Saturday, January 8, 2011

MOVING - Moving Journal #1

I have to move. I had just thanked the Lord that there was nothing I didn't like about living where I do when two days later, on Christmas day I returned from a wonderful family time to find taped to my door a notice. It said, without any holiday greeting whatsoever, mind you, that it is time to renew my lease and oh, by the way, there's a considerable increase in the rent.

My Mom and I had moved to the south seven years ago from Philly. No point in buying something for both of us when she was 85. That was just the practicality of the situation. We found this lovely place which was just perfect for us. Mom happily remained with me till she was 92 and then relocated in the customary way to heaven to be with the Lord and my father. (See my previous blog about Mom.)

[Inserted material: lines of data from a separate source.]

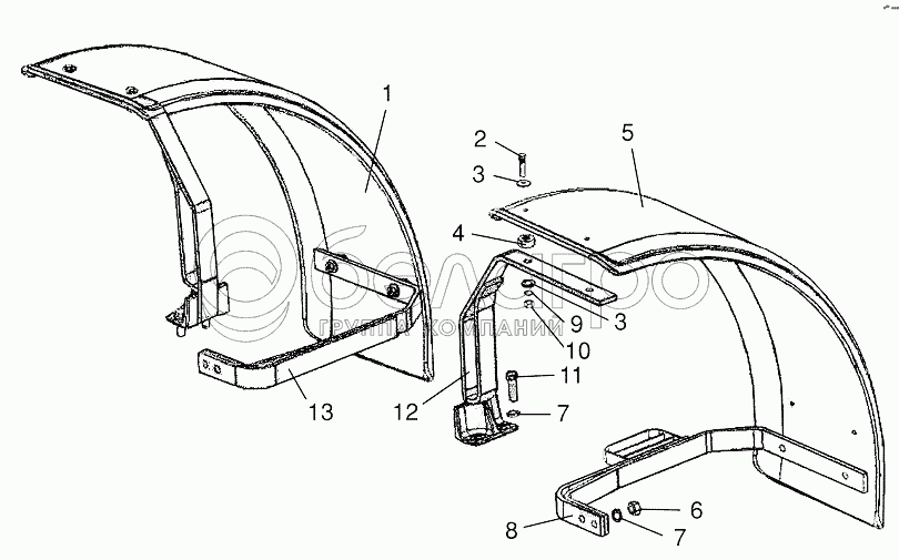 Каталог запасных частей к технике: МТЗ-1221 (2009). Крылья передних колес
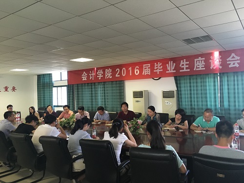 6月14日下午2点30,公司在群贤楼会议室举办2016届毕业生座谈会。院系领导班子、湖北会计发展研究中心主任高善生、各专业系主任、就业专职人员以及毕业生代表参加了此次座谈。
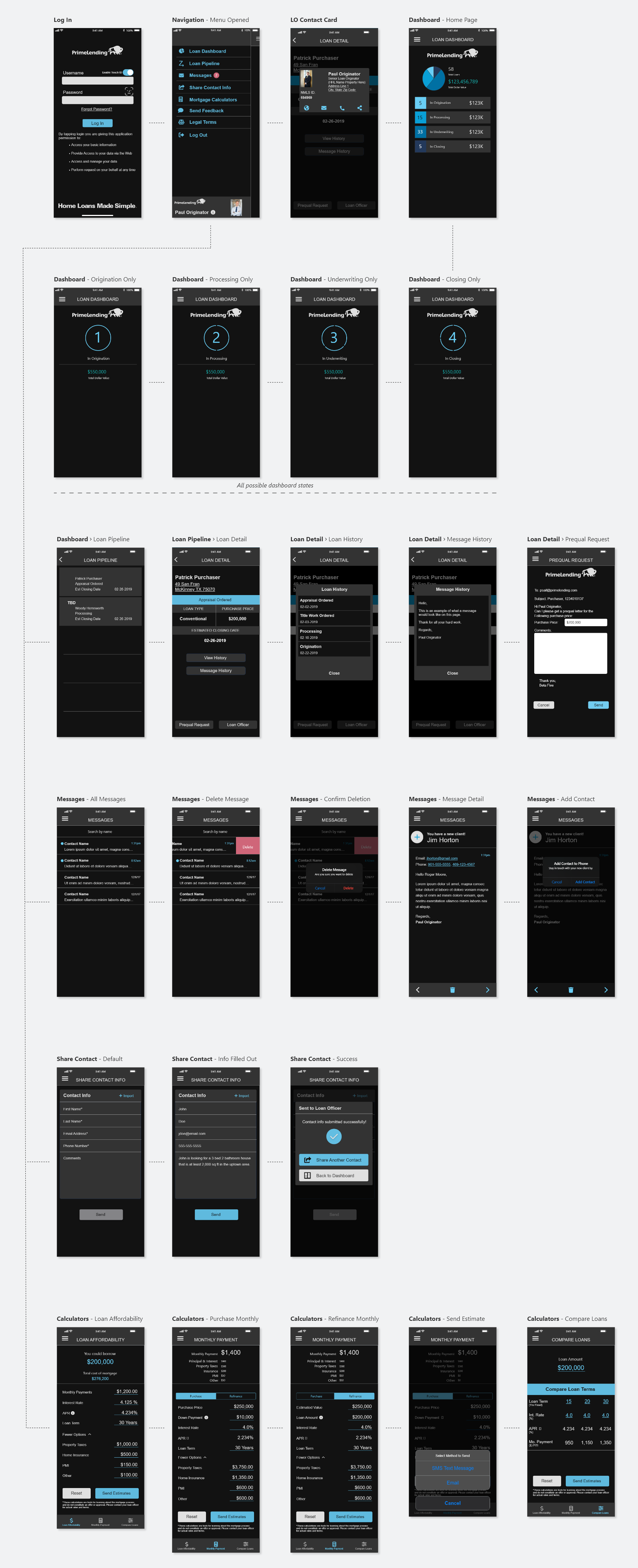 Additional User Goals: Keep in contact with loan officer, quickly share lead information, and use mortgage calculator tools to share reports with clients

Two weeks later a friend moved in with me and we shared the rent which was enormously helpful since Mom's Social Security check ended when she did. However, within hours of the rent increase note on Christmas(did those people have nothing better to do that day?), my roommate informed me that now that she had her certification as a Medical Assistant and had landed a great job with a surgeon, she was going to get her own place. I could see where she'd want to. Everything here, except what is in her bedroom,is mine.

I was now left with the realization that I cannot continue to live in my lovely townhome near the pond (yes, that photo is my pond) with the duckies and herons,and the meadow with the wildflowers, and near my friend Sandy who loves to drive so when we go places together I don't have to. Suddenly I felt dislocated, unconnected, and a bit in shock.

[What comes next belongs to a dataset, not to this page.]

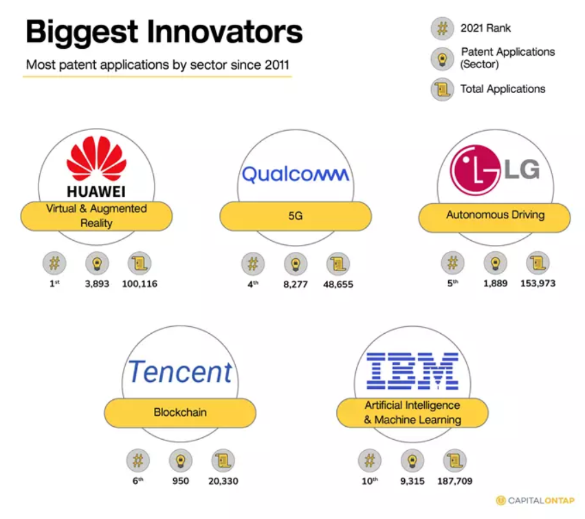 Capital on Tap 统计的专利方向包含人工智能、量子计算、自动驾驶汽车、5G、虚拟和增强现实(VR / AR)、网络安全等。

There's only one thing to do when you feel like that - go to God and trust that He has a plan. You just have to find out what it is - that's the tricky part sometimes. I sat in my prayer-chair and asked God what He wanted me to do. I listened. Nothing. Well Lord, I said. I'm going to just read in my Bible where I was up to already. Would you please speak to me about all this. None of this flip open the Bible and point and expect that the verse you land on is His will. Risky business, as far as I'm concerned. As I picked up where I last stopped reading I read,"...lived with their relatives in Jerusalem opposite their other relatives" (1 Chron 8:32). It seemed as clear as day to me. I think God is telling me that I'm suppposed to live near my daughter Ellen and her family. It's not Jerusalem, but the principle is the same - live near your relatives. Ellen and the kids seemed to like the idea as well.

I called my friend Ginger who lives in an condo complex within walking distance of Ellen's home to ask if she knew of any condos for rent. She would check. A day later Ellen and I went to go look at one of several that were available. I gave it only a brief look as it wouldn't be the unit I would take, but it could work. The others are on the first floor which I would prefer. So arrangements were made for me to look at the other units.

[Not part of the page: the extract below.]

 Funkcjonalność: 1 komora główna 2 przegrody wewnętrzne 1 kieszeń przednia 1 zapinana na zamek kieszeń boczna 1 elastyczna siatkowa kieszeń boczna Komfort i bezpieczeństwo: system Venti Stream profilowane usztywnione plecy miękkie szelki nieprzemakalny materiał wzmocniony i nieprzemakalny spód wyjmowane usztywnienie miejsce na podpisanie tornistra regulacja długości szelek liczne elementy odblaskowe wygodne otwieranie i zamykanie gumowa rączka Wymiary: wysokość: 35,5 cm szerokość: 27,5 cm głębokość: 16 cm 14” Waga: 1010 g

In the mean time, even though my faith is firmly in God's caretaking of me, I am going through somewhat of a greiving over loosing my lovely townhome near the pond.... oh you know. It is possible to have faith in God and still feel a bit sad over a loss at the same time.

I don't know who will read this, or even care about me moving, but I'm going to share this anyway - my way of processing through it. Writers, which I am, process by writing. Maybe others will be moving who will be glad to know someone else is sharing their experience.

3 comments:

  1. I love reading it Lonnie and I do care. You are one of God's children and that makes you very interesting.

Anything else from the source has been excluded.